To clear a net a person agrees to pay 1000 now another 1000 a Year from now and another 1000 in 2 years. if the future payments are discounted at 8% compounded quarterly, what is the present value of these payment?

To find the present value of future payments, we need to discount each payment back to the present value using the given discount rate.

The payment of 1000 now has already been discounted at 0%, so its present value remains 1000.

The payment of 1000 in 1 year needs to be discounted at a rate of 8% compounded quarterly.
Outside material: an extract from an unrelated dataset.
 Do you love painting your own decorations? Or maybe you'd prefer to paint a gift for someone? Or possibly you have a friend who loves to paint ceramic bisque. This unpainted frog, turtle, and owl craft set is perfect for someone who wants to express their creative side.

The general formula to calculate the present value of a future payment using compound interest is:

PV = FV / (1 + r/n)^(n*t)

Where PV is the present value, FV is the future value, r is the interest rate, n is the number of compounding periods per year, and t is the number of years.

Plugging in the given values:
PV = 1000 / (1 + 0.08/4)^(4*1)
PV = 1000 / (1 + 0.02)^4
PV = 1000 / (1.02)^4
PV = 1000 / 1.082432
PV ≈ 923.54

Therefore, the present value of the payment of 1000 in 1 year is approximately 923.54.
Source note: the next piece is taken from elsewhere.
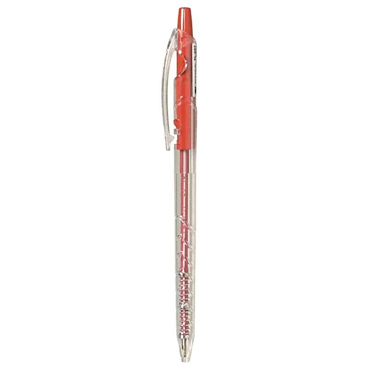 Bút có thiết kế đơn giản, toàn bộ thân bút làm từ nhựa trong, nút bấm bằng nhựa cùng màu với ruột bút. Viết rất trơn, êm, mực ra đều, liên tục.

The payment of 1000 in 2 years needs to be discounted at the same rate of 8% compounded quarterly. Using the same formula:

PV = 1000 / (1 + 0.08/4)^(4*2)
PV = 1000 / (1 + 0.02)^8
PV = 1000 / (1.02)^8
PV = 1000 / 1.171665
PV ≈ 852.13

Therefore, the present value of the payment of 1000 in 2 years is approximately 852.13.

Finally, to find the present value of all the payments, we sum up the present values:
Present Value = 1000 + 923.54 + 852.13
Present Value ≈ 2775.67

Therefore, the present value of these payments is approximately 2775.67.

To find the present value of future payments, we need to discount each payment back to its present value. Let's calculate the present value of each payment step-by-step.

Step 1: Calculate the present value of the first payment of 1000 now.
Since this payment is at the present time, there is no need to discount it.
Present Value (PV1) = 1000

Step 2: Calculate the present value of the second payment of 1000 in one year.
The formula to calculate the present value (PV) using quarterly compounding is:
PV = Payment / (1 + r/n)^(n*t)

Where:
PV = Present value
Payment = Future payment
r = Interest rate
n = Number of compounding periods per year
t = Number of years

Using the given values:
Payment = 1000
r = 8% = 0.08
n = 4 (quarterly compounding)
t = 1 (1 year)

PV2 = 1000 / (1 + 0.08/4)^(4*1)
PV2 = 1000 / (1.02)^(4)
PV2 ≈ 941.65

Step 3: Calculate the present value of the third payment of 1000 in two years.
Using the same formula as in Step 2, but with t = 2:
PV3 = 1000 / (1 + 0.08/4)^(4*2)
PV3 = 1000 / (1.02)^(8)
PV3 ≈ 885.55

Step 4: Calculate the total present value by summing up the present values of all three payments.
Total present value = PV1 + PV2 + PV3
Total present value = 1000 + 941.65 + 885.55
Total present value ≈ 2827.20

Therefore, the present value of the three payments is approximately 2827.20.